TRY IT = Quote only the lines that start at the line with "指数报告显示,2022年,在" and run to the end of the entries; omit the pictures.

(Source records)
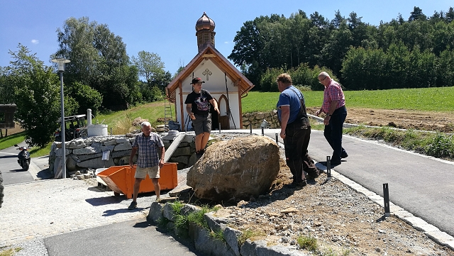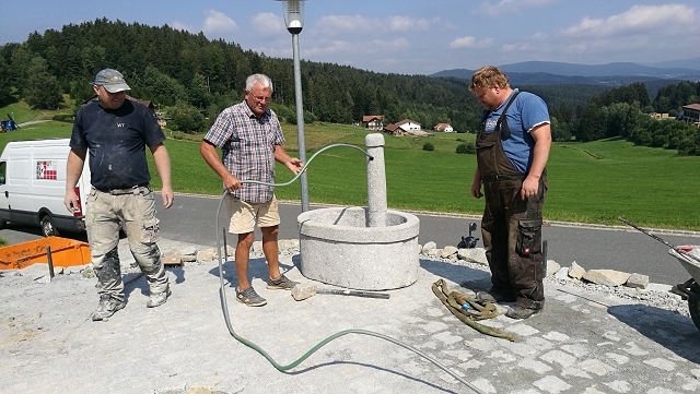 abgeschlossen werden. Der Granitbrunnen steht nun an seinem endültigem
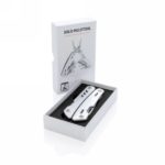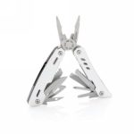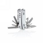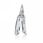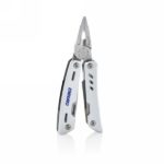 Strong and durable multitool with 12 functions. With aluminium case and stainless steel tools. Tools include: needle nose plier, regular plier, wire cutter, knife, phillips screwdriver, small flat screwdriver, saw, can opener, bottle opener, serrated knife, reamer/punch, file & large flat screwdriver. Packed in gift box.
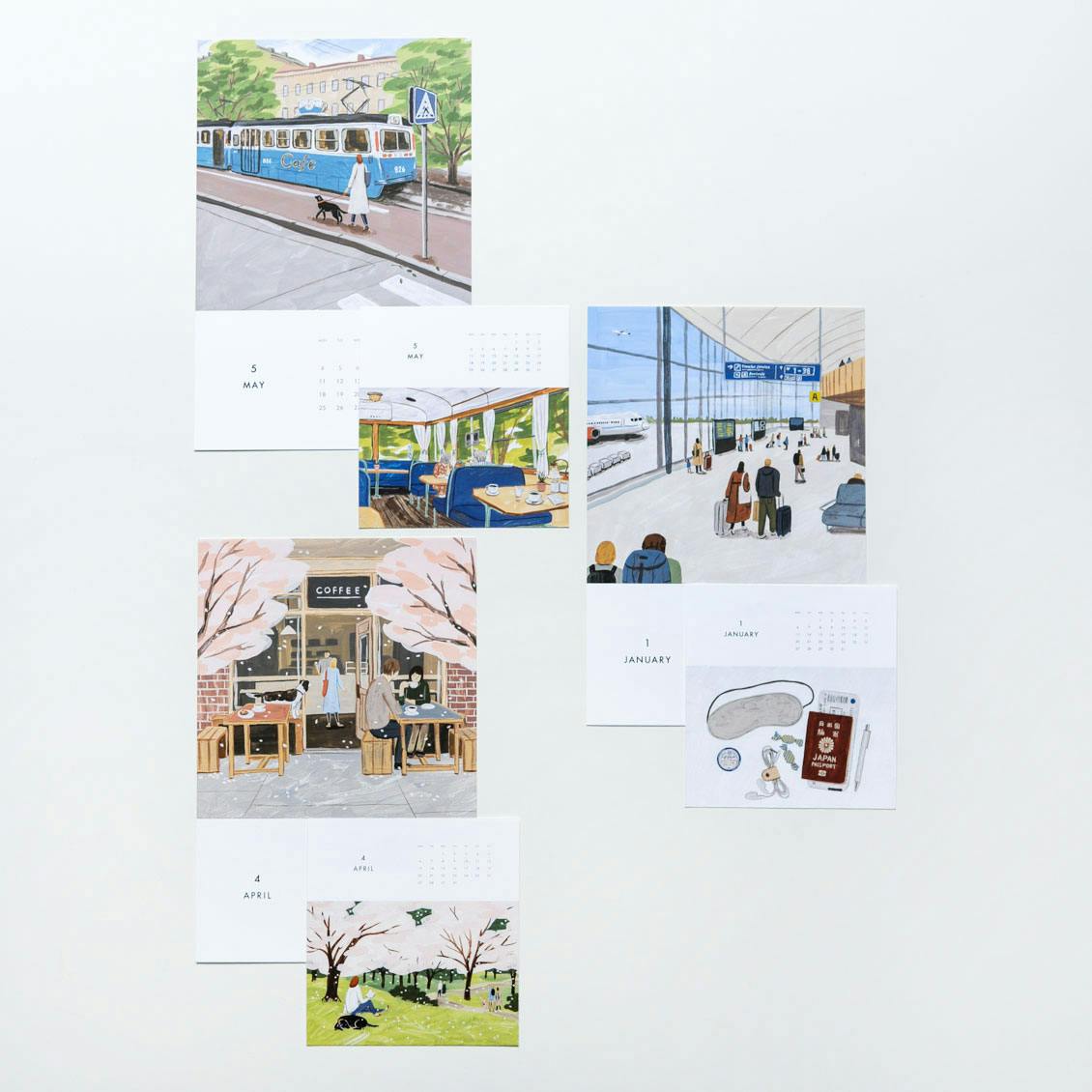 旅行の荷造り、路面電車の中でカフェを楽しめる「カフェトラム」の風景、クリスマスオーナメントなど、小池さんが実際に旅をしながら感じた高揚感や北欧の何気ない日常を写したイラストが12ヶ月を彩っています。
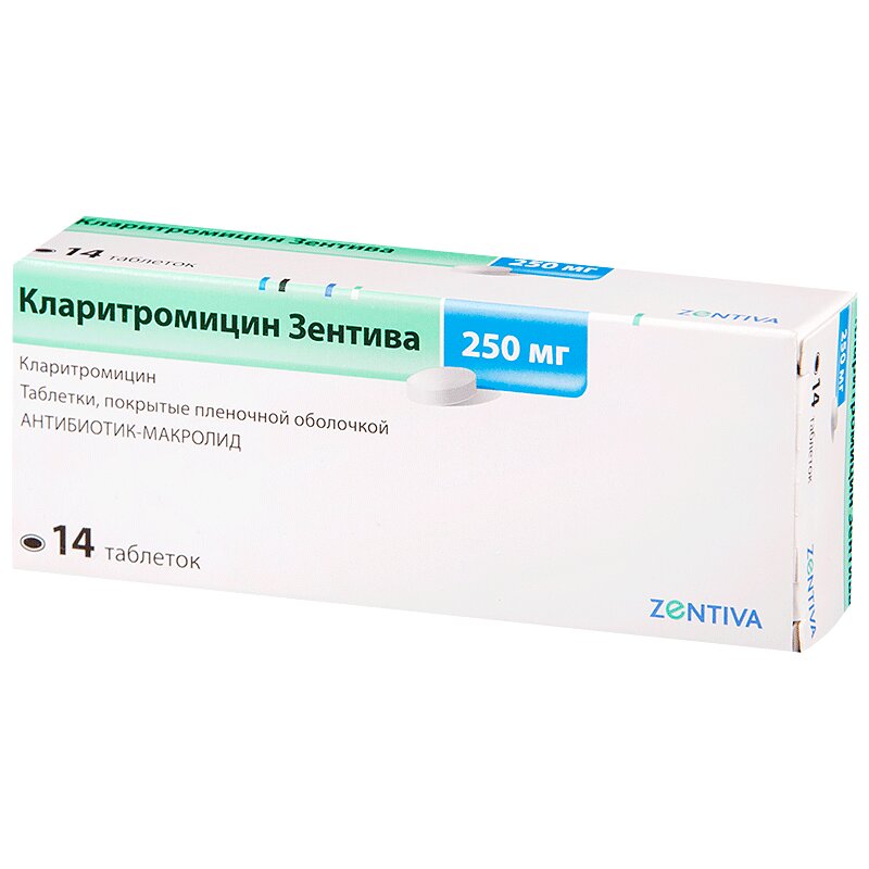 Инструкция по применению Кларитромицин Зентива таблетки 250 мг 14 шт
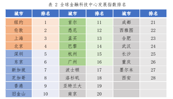 指数报告显示,2022年,在28个国内外重点城市中,纽约、伦敦、上海、北京、深圳的金融科技中心发展整体指数排名全球前五。
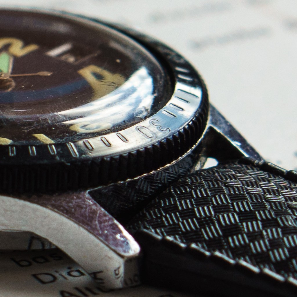 Die Lünette der Vorserienuhr war gänzlich aus Plastik ohne leuchtendes Dreieck auf 12 Uhr. Die Lünette ist klassisch gehalten, mit einer Minuterie von 0 bis 60, wobei die Zehnerschritte immer als Zahl abgebildet werden. Die Minuterie ist im Plastik versenkt und mit weißer Farbe ausgefüllt (welche leider schnell abgerieben wurde).

SOLVED PROBLEM =
 指数报告显示,2022年,在28个国内外重点城市中,纽约、伦敦、上海、北京、深圳的金融科技中心发展整体指数排名全球前五。
 Die Lünette der Vorserienuhr war gänzlich aus Plastik ohne leuchtendes Dreieck auf 12 Uhr. Die Lünette ist klassisch gehalten, mit einer Minuterie von 0 bis 60, wobei die Zehnerschritte immer als Zahl abgebildet werden. Die Minuterie ist im Plastik versenkt und mit weißer Farbe ausgefüllt (welche leider schnell abgerieben wurde).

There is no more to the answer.